Buy N Large - Cast and Characters

Cast and Characters

  • Ben Burtt produced the voice of WALL-E (Waste Allocation Load Lifter – Earth Class), the title character. WALL-E, a robot who has developed sentience, is the only robot of his kind shown to be still functioning on Earth. He is a small mobile compactor box with all-terrain treads, three-fingered shovel hands, binocular eyes, and retractable solar cells for power. He collects spare parts for himself, which becomes pivotal to the plot, and replaces broken and/or worn out parts on-the-fly by cannibalizing "dead" WALL-Es. Although working diligently to fulfill his directive to clean up the garbage (all the while accompanied by his cockroach friend Hal and music playing from his on-board recorder) he is distracted by his curiosity, collecting trinkets of interest. He stores and displays these "treasures" such as a birdcage full of rubber ducks, a Rubik's Cube, Zippo lighters, disposable cups filled with plastic cutlery and a golden trophy at his home where he examines and categorizes his finds while watching video cassettes of musicals via an iPod viewed through a large Fresnel lens.

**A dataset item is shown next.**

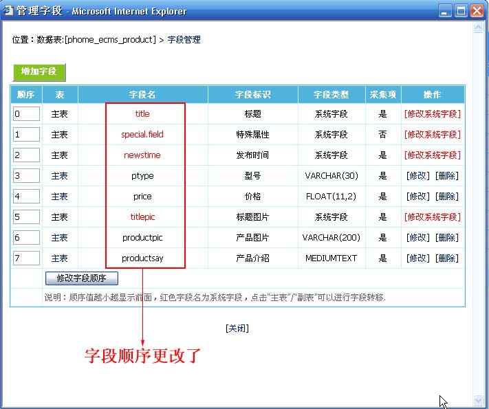 | 修改字段順序后字段列表顯示如下圖: |

    • Burtt is also credited for the voice of M-O (Microbe Obliterator), as well as most of the other robots. M-O is a tiny, obsessive compulsive maintenance robot with rollers for hands who keeps Axiom clean. When M-O meets WALL-E and sees how filthy he is, he deviates from his normal routine and follows WALL-E, cleaning up behind him. When he follows WALL-E to the garbage bay, he inadvertently but fortuitously saves WALL-E and EVE from being blown into the vacuum of space. He then forms a close friendship with Wall-E and aids the two in retrieving the plant, most notably through using his contaminant detecting vision when Wall-E drops the plant. Back on Earth, he ushers the other robots into giving WALL•E and EVE some privacy as they share a tender moment.

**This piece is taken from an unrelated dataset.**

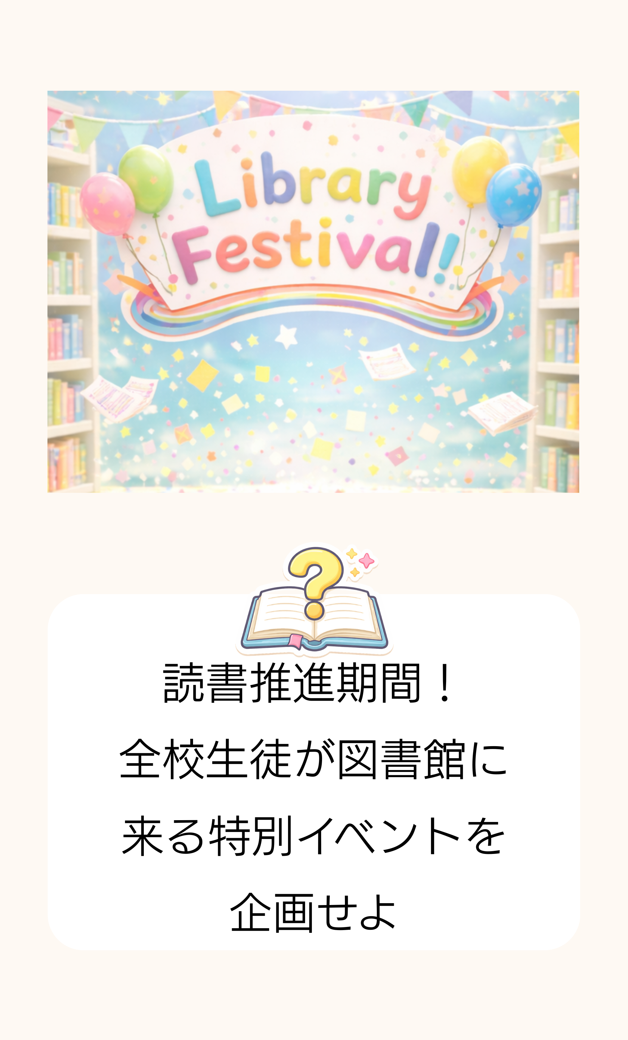例:「読書推進期間!全校生徒が図書館に来る特別イベントを企画せよ」

  • Elissa Knight as EVE (Extraterrestrial Vegetation Evaluator), a sleek robot probe whose directive is to locate vegetation on Earth and verify habitability. She has a glossy white egg-shaped body and blue LED eyes. She moves using antigravity technology and is equipped with scanners, specimen storage and a plasma cannon in her arm, which she is quick to use. When first deployed on Earth she appears devoid of feeling but as the craft that delivered her blasts off and away she springs to life with gleeful flight. Watching her, WALL-E accidentally draws her attention as she sets about following her directive growing ever more impatient with both her lack of success and with WALL-E's constant monitoring. This shared strength of feeling soon connects the two characters.
  • Jeff Garlin as Captain B. McCrea, the commander, and apparently only officer, on the Axiom. His duties as captain are boring daily routines, with the ship's autopilot handling all true command functions. Meeting WALL-E, however, sparks his interest in Earth and he becomes engrossed in researching the home planet, paving the way for his retaking control of the ship back from the Autopilot.

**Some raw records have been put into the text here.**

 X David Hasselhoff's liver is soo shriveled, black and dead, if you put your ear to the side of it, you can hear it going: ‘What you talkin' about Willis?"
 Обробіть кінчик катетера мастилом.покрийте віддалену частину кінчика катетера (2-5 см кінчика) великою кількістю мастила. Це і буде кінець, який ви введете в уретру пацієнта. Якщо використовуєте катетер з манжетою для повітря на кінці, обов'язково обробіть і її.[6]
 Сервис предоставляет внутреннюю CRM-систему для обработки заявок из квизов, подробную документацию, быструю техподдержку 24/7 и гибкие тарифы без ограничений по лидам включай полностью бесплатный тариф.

  • Fred Willard as Shelby Forthright, historical CEO of the Buy n Large Corporation, shown only in videos recorded around the time of the Axiom's initial launch. Constantly optimistic, Forthright proposed the evacuation plans, then to clean up and recolonize the planet. However, the corporation gave up after realizing how toxic Earth had become. Forthright is the only live action character with a speaking role, the first in any Pixar film.
  • MacInTalk, the text-to-speech program for the Apple Macintosh, was used for the voice of Auto, the rogue autopilot artificial intelligence built into the ship. Unlike other robots in the film, Auto is not influenced by WALL-E, instead following directive A113, which is to prevent the Axiom and the humans from returning to Earth because of the toxicity, and he will prevent anyone from deviating from it. The robot's design is an homage to HAL 9000 from 2001: A Space Odyssey, featuring a HAL-style red "eye" in the center of his body.
  • John Ratzenberger and Kathy Najimy as John and Mary, respectively. John and Mary both live on the Axiom and are so dependent on their personal video screens and automatic services that they are oblivious to their surroundings, for instance not noticing that the ship features a giant swimming pool. However, they are brought out of their trances after separate encounters with WALL-E, eventually meeting face-to-face for the first time.
  • Sigourney Weaver as the voice of the Axiom's computer. Stanton joked about the role with Weaver, saying, "You realize you get to be 'Mother' now?" referring to the name of the ship's computer in the film Alien, which also starred Weaver.